Just as she thought it, he walked in the door, stomping snow off his big boots on the front porch as he stood in the open doorway, letting in a flurry. He closed it quickly behind him.
“Damn, it’s cold out!” he swore. “Snowing like a son of a...”
She interrupted him. “Will you stop that? Daddy’s a minister,” she groaned. “Rodney, you’re such a pain!”
He had her dark green eyes, but his hair was straight and thick and a shade lighter than hers. He was tall, with perfect teeth and a rakish smile. No choirboy, Rodney, he was always in trouble throughout high school. Presumably, he’d been better behaved in the military, since he was discharged early.
“Daddy can curse,” he retorted. “Haven’t you heard him?”
“Yes, Rodney, he says ‘chicken feathers!’ That’s how he curses.” She glowered at him. “That’s not what you’re saying when you lose your temper.” He lost it a lot lately, too.
He shrugged her off. “I have issues,” he said easily. “I’m working on it. You have to remember that I’ve been around soldiers for several years, and in combat.”
“I try to take that into account,” she said. “But couldn’t you tone it down, just a little bit? For Daddy’s sake?”
He made a face at her. “God, you’re hard to live up to, do you know that?” He sighed, exasperated. “You’ve never put a foot out of line. Never had a parking ticket, never had a speeding ticket, never even jaywalked! What a paragon to try to live up to!”

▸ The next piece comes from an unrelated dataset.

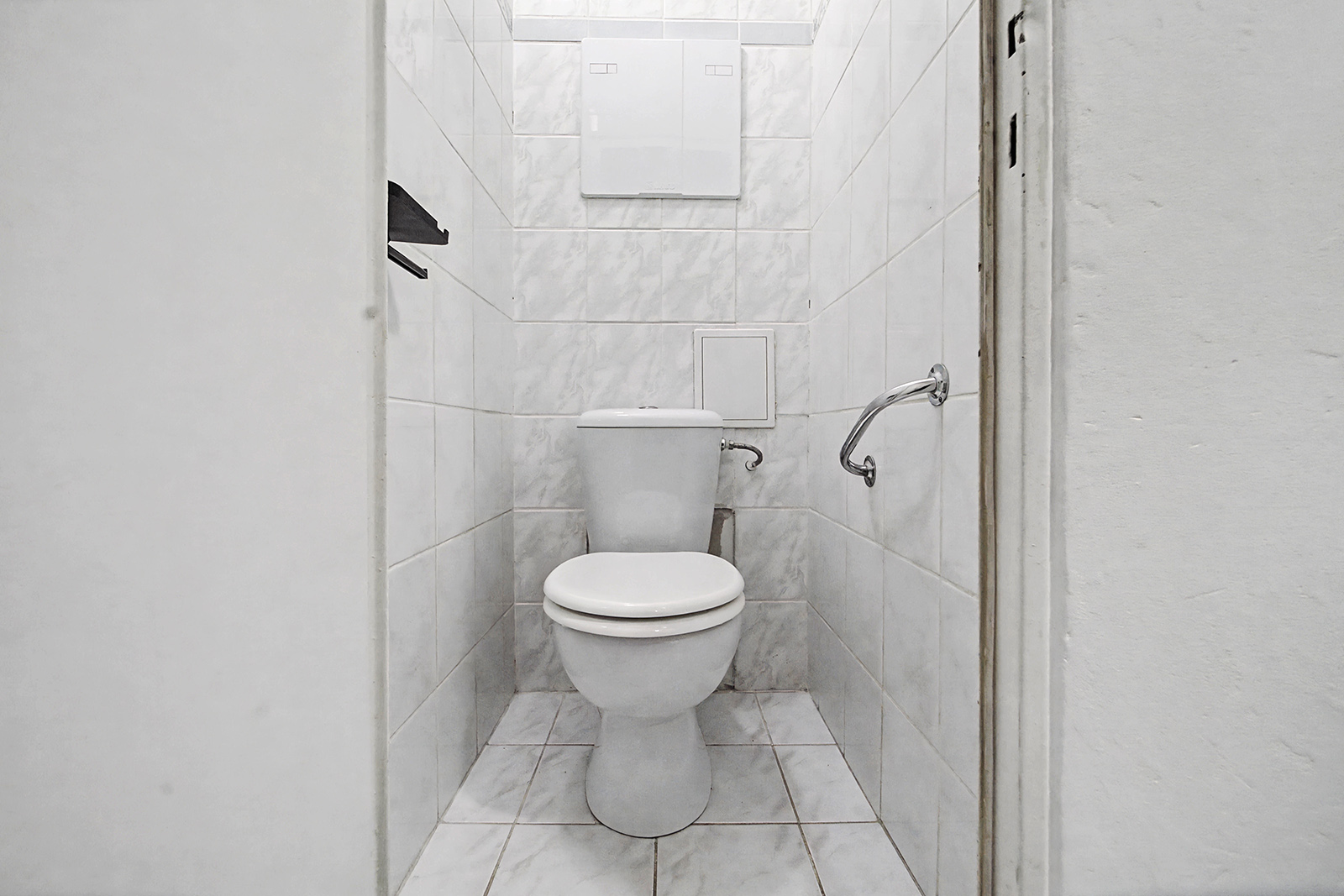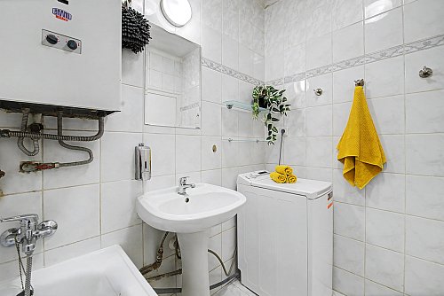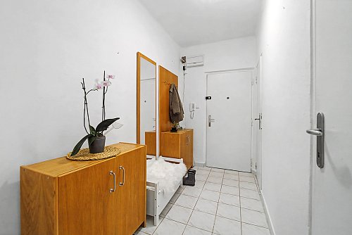 Byt sa nachádza na 4. poschodí z 5 v bytovom dome s výťahom. Do bytu vstupujete cez vstupnú chodbu, z ktorej je prístup do všetkých miestností. Hneď pri vstupe sa nachádza samostatná toaleta a kúpeľňa vybavená vaňou, umývadlom a práčkou.

She grimaced. “I just behave the way Mama taught me.” The thought made her sad. “Don’t you miss her?”
He nodded. “She was the kindest woman I’ve ever known. Well, besides you.” He chuckled and hugged her, and just for a minute, he was the big brother she’d adored. “You’re just the best, sis.”
She hugged him back. “I love you, too.” She sniffed and her nose wrinkled as she drew back. “Rodney, what’s that smell?” she asked, frowning as she sniffed him again. “It’s like tobacco, but not.”
He let her go and averted his eyes. “Just cigarette smoke. Some of that imported stuff. I have a friend who gets them.”
“Not J.C. He doesn’t smoke,” she said, curious.